Intense involvement with my district branch (committee chair, treasurer, president) and APA have served to give wider application to the lessons I have learned in practice and to introduce me to a huge, diverse array of colleagues. Among many appointed and elected offices, I have been an APA committee chair, president and Assembly representative of my caucus, a member of the Assembly Executive Committee, and chair of the Joint Commission on Public Affairs.
I also went back to school, to bring academic knowledge, along with my experience, to bear on the problems facing our field. I have just earned my master's of public health, with a concentration in health policy and administration. Now I can embellish my observations about the gaping deficiencies in our health care system with epidemiology and statistics, and apply my studies in mass communication and marketing to getting our points across.
Married before starting medical school, with four daughters born at points along the way, I have combined my domestic and professional careers in all possible configurations, ranging from an internship with call every third night to stay-at-home motherhood.
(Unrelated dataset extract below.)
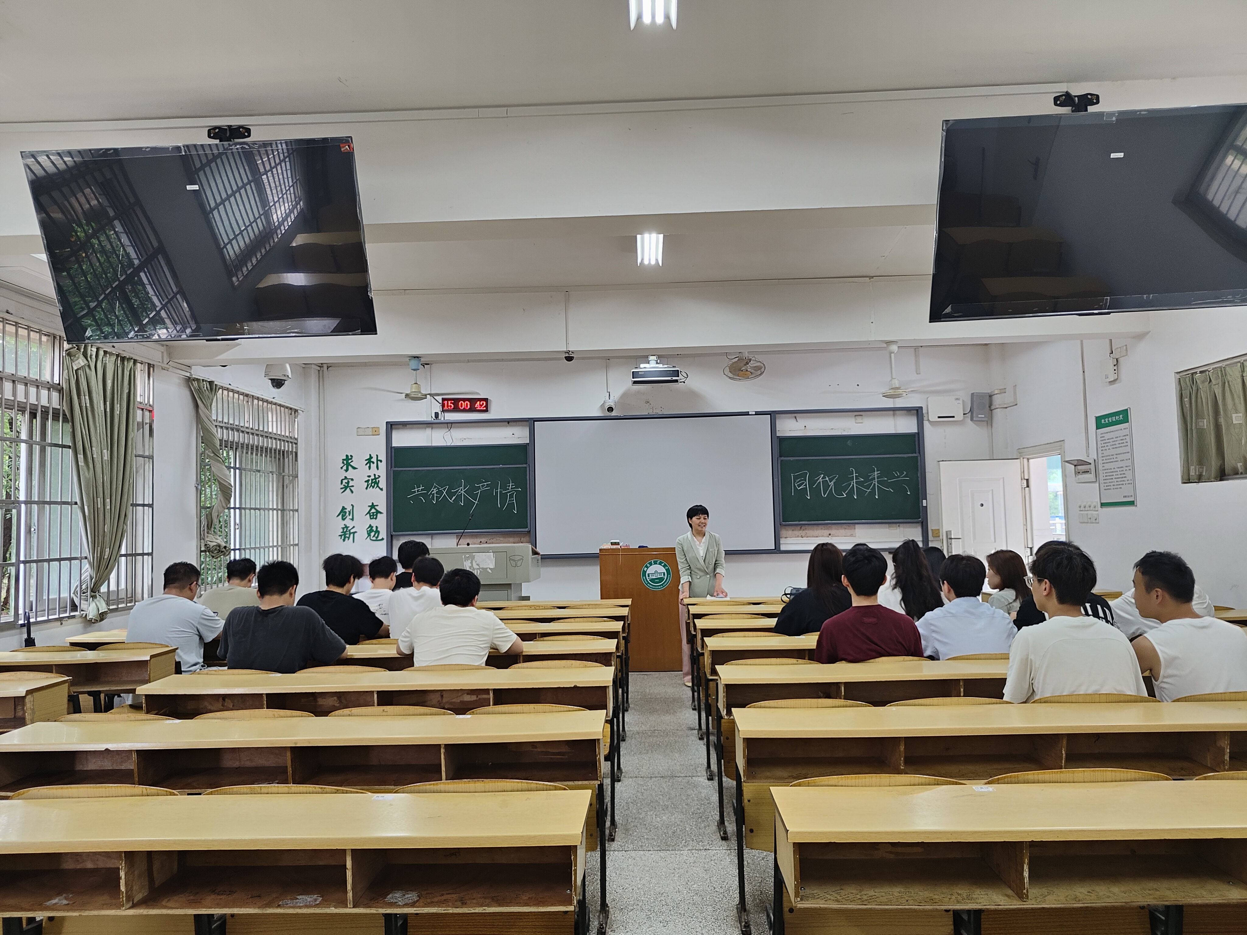 各毕业班召开了“共叙水产情,同祝未来兴”主题班会,交流了同窗深厚情谊,听取了员工对公司的意见建议,了解员工就业情况和需求,开展了安全教育、文明离校教育和班级特色活动,并进行了合影留念。

I tried to warp my children so that they would never grow up and leave home, but I failed and have to content myself with visiting them frequently in the course of my APA travels.
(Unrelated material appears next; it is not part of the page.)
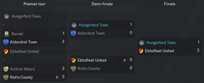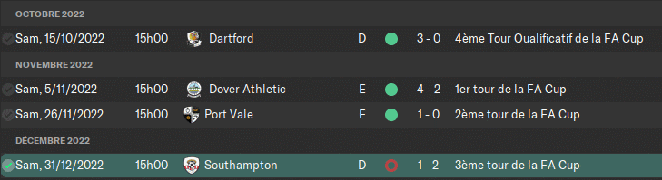 Comme la saison dernière, nous atteignons les 32ème de finale de la Cup avec cette fois-ci, Southampton, club de l’élite, comme bourreau logique. Nous avions auparavant éliminé deux équipes à notre portée, Dartford (D6) et Dover (D5) mais nous avons surtout réalisé un bel exploit en venant à bout sur leur terrain de Port Vale (D4), club de la division supérieure à la notre.

CANDIDACY STATEMENT: Despite the turmoil in the American medical care system, there is no calling more gratifying than the profession that allows us to relieve suffering and restore functioning to people with mental illnesses and to be endlessly fascinated by new findings in etiology, diagnosis, and treatment. And, despite our sometime turmoil, there is no organization that supports and defends our profession and our patients like the American Psychiatric Association.
APA, with all its flaws, is perhaps the most democratic and representative medical organization anywhere. Life would be simpler if we had a dictator, but instead, in addition to a central office staff, we have a legislative body, the Assembly, a Board of Trustees, and many component structures working on the whole range of psychiatric issues. The Assembly brings together representatives of geographic, minority, and subspecialty constituencies. APA must be the umbrella under which we all find shelter. From the strength of that shelter, we must fight the partisan politics and greed that threaten to destroy the strengths of our medical care system, and we must insist that our society, the wealthiest on earth, provide care for every suffering human being-care in which each has a voice and a choice. Our challenge now is to streamline ourselves into a strong advocacy force without losing the essence of our democracy or the expertise and perspectives of our increasingly diverse membership. Every APA member must be heard, understood, and represented by our central office staff and our Board, and must feel heard, understood, and represented. And every government official, every member of the public, must know who we are and how important it is that we do what we do.
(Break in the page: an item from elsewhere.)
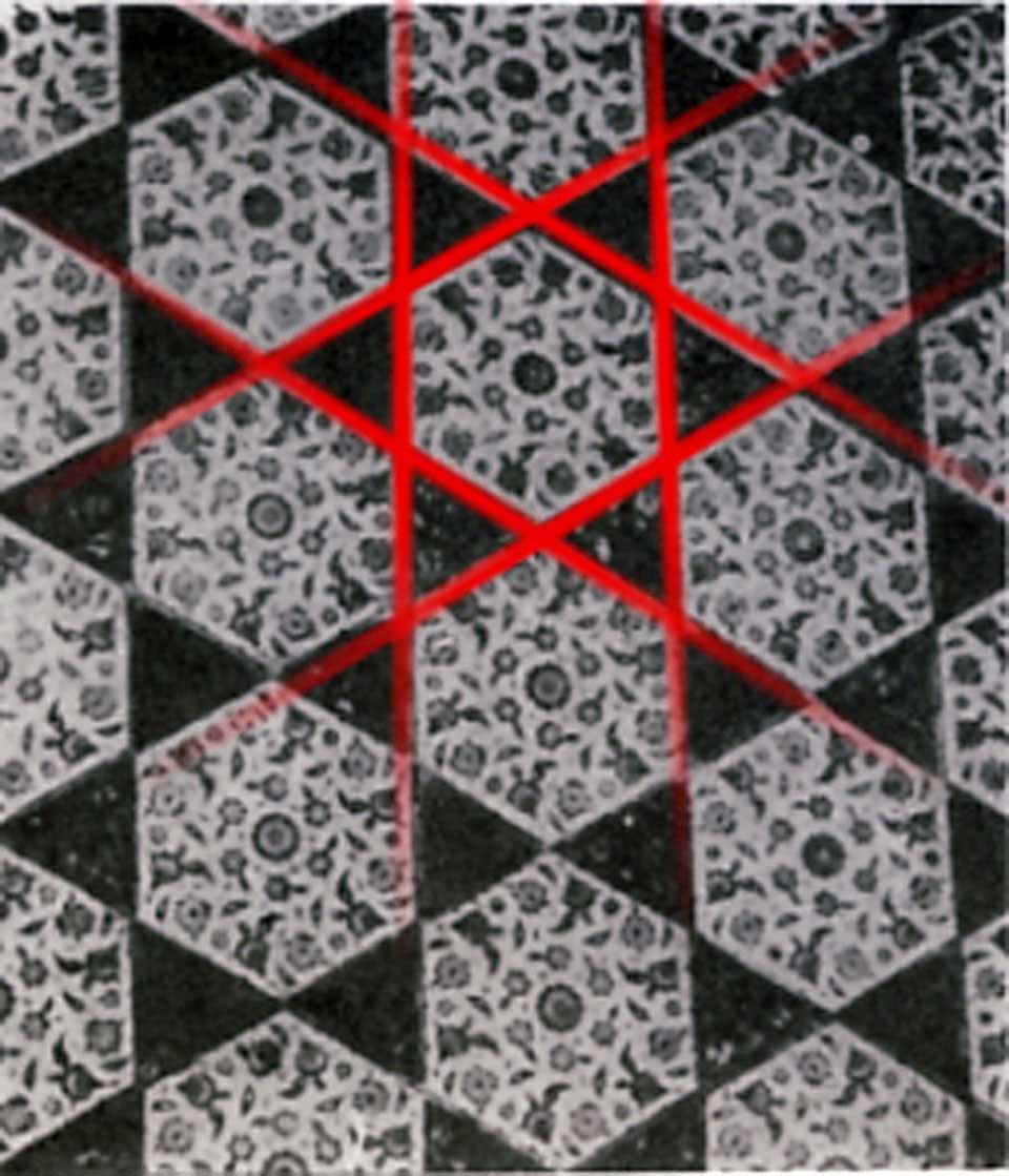 نگارههای بر پایهی شش ضلعی به لحاظ هندسی تناسباتی گنگ دارند و تنها با رسم پرگاری پیچیده میتوانند در بستر کار پیادهشوند. این پیچیدگی نتیجه رشد دانشهای هنری و هندسی هنرمندان مسلمان و نمایانگر آن میباشد. در عین حال شاید حتی کاشیهای شش ضلعی برای پوشاندن سطحهای گوناگون از کاشیهای مربعی هماندازهشان مناسبتر بودهاند و در چند بعد امکان گسترش داشته اند و ...

I bring a number of crucial skills to that challenge. I have worked in most areas of psychiatry:
I have held leadership positions in several professional organizations and have worked in a wide range of roles in my district branch and APA. In addition to my experience as a member of the Assembly, my role as chair of the Joint Commission on Public Affairs has brought me into close contact with advocacy organizations, the media, the public, the APA staff, and the Board of Trustees. I know how APA works and how to work in and for APA. I know how to run a fair and effective meeting and how to be accountable for results. I have just earned a master's of public health, specializing in health policy and administration, so that I can address our challenges with academic knowledge as well as practical experience.
An effective leader has to understand her constituents' professional challenges in the context of their lives. I have balanced my career with the joys and responsibilities of being a wife and mothering four children, spending a number of years full time with them, and other years rushing out of the office to car pool, making a day's worth of calls while stirring pots on the stove and supervising homework, and writing books and papers and doing APA work after they have gone to bed. Now that they have grown happily up, I have still more commitment and energy for our APA.